Pumpkin seed oil may offer benefits such as hair growth and help with menopause symptoms, though more research is needed. Here are some of the possible benefits of the oil, and what the current research says.

Pumpkin Seed Oil May Promote Hair Growth

The internet is awash with claims that a daily dose of pumpkin seed oil will help you grow (or regrow) a lush head of hair — but is the hype justified? Some experts are hopeful. “There is potential for pumpkin seed oil (PSO) to be an effective treatment for hair loss,” says Kristin Draayer, RDN, owner of Kristin Draayer Nutrition and Fitness in Kalamazoo, Michigan. “PSO is rich in nutrients like fatty acids, vitamins, and minerals.” Theoretically, these may support hair growth and health, though research proving those results is limited.

Pumpkin seed oil may also help combat hair loss because it lowers dihydrotestosterone (DHT), a hormone that makes testosterone and can contribute to hair loss.

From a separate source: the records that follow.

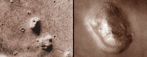 The infamous Mars Face (left) photographed in comparatively low resolution by the Viking orbiter in 1976 and a much higher resolution view made by current Mars Reconnaissance Orbiter. Credit: NASA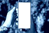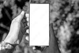 Smartphone with blank screen with space for text on natural green garden background with grass and natural leaves in daylight.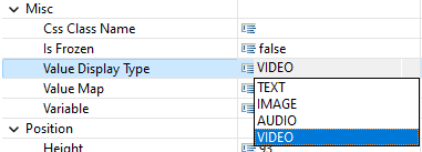 *) and can use Texts or refer to resources (Images, Audio, Video from the Resource Browser).Layout Options for Value Display Type TEXT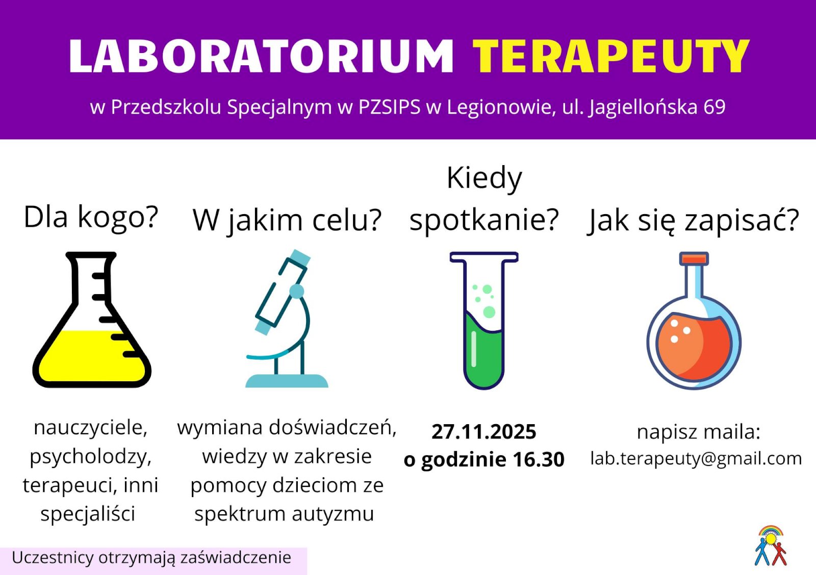 W imieniu organizatorów zapraszamy dyrektorów, psychologów, nauczycieli, logopedów oraz innych specjalistów na Laboratorium Terapeuty, które odbędzie się 27 listopada o godz. 16:30 w Przedszkolu Specjalnym w PZSiPS w Legionowie, ul. Jagiellońska 69.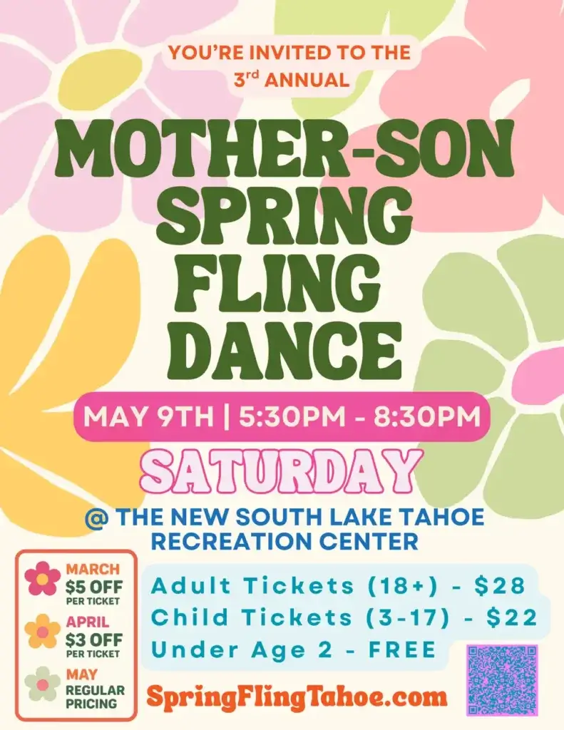 Mark your calendars and make plans to join us for an unforgettable evening at the Mother-Son Spring Fling Dance in South Lake Tahoe. Whether you’re spinning around the dance floor or creating cherished memories with your little man, this event promises to be a highlight of the spring season. We look forward to seeing Mama’s moves and Son’s grooves and celebrating Mother’s Day Eve with you!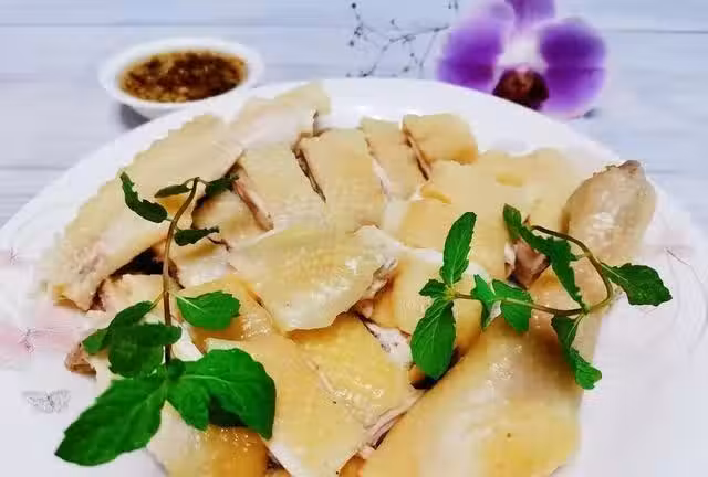 12.雞肉鮮嫩,煮熟冷卻後,皮爽肉滑,色澤金黃油亮,食用時配以豐富的蘸料,香、辣味恰到好處,十分可口,一口一口停不下來呀!再教大家一招:吃不完的白切雞,用剩餘的蘸料腌制一晚,第二天超好吃,肉質硬了,搭配白粥,爽!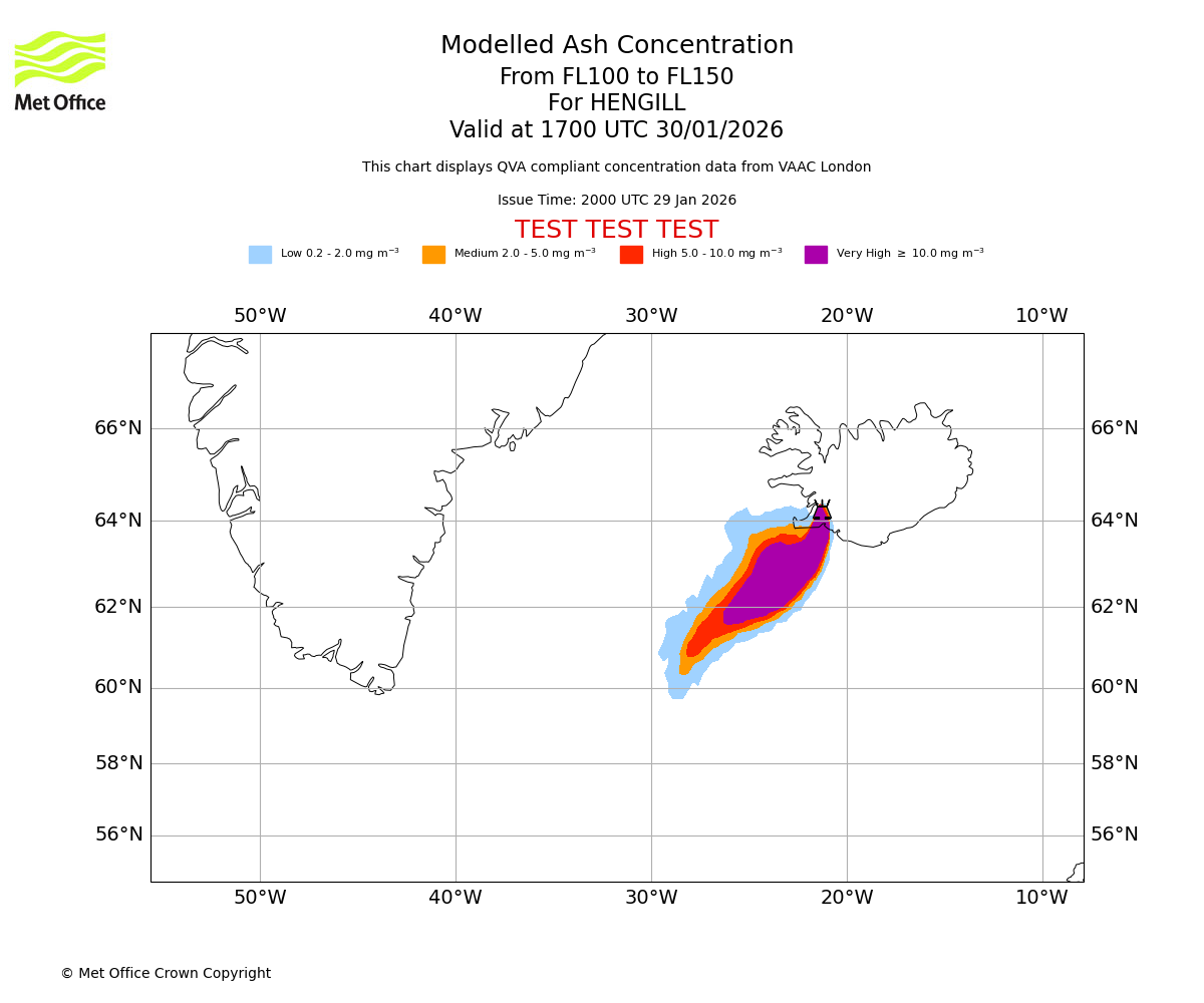 Modelled ash concentration from 100 to 150 for HENGILL. Valid at 1400 UTC 30/01/2026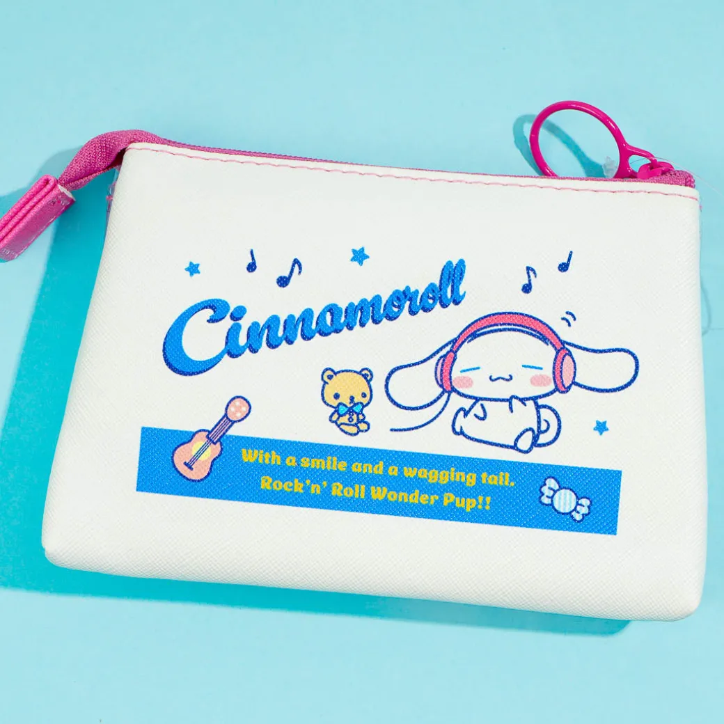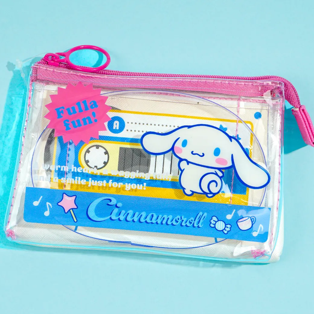 This super kawaii pouch showcases a kawaii clear retro cassette design with a print of Cinnamoroll! Use it to store your hair ties, lipstick, and other small beauty items. This zippered pouch has multiple compartments you can use.

Several studies have investigated the effects of pumpkin seed oil on hair loss. Draayer points to one small study from South Korea in which 76 men with mild-to-moderate androgenetic alopecia, which is a common form of hair loss, took PSO supplements or a placebo daily for 24 weeks. The group that received PSO saw a significant increase in hair count, compared with the placebo group.

Other research has examined the oil’s effects on women. Another study compared the efficacy of pumpkin seed oil with minoxidil 5 percent topical foam, a medication used to stimulate hair growth, in women with female-pattern hair loss. After three months of treatment, both groups had improved measures of hair shaft diversity (meaning a healthier mix of hair strands, commonly used as a sign of hair regrowth). The study’s authors concluded that pumpkin seed oil has a promising role to play in treating female-pattern hair loss.

“Pumpkin seed oil is rich in phytosterols, which may block DHT, a hormone linked to hair loss,” says Trista Best, a registered dietitian at The Candida Diet, in Dalton, Georgia. “It contains omega-3 fatty acids and antioxidants that support scalp health and hair follicles.”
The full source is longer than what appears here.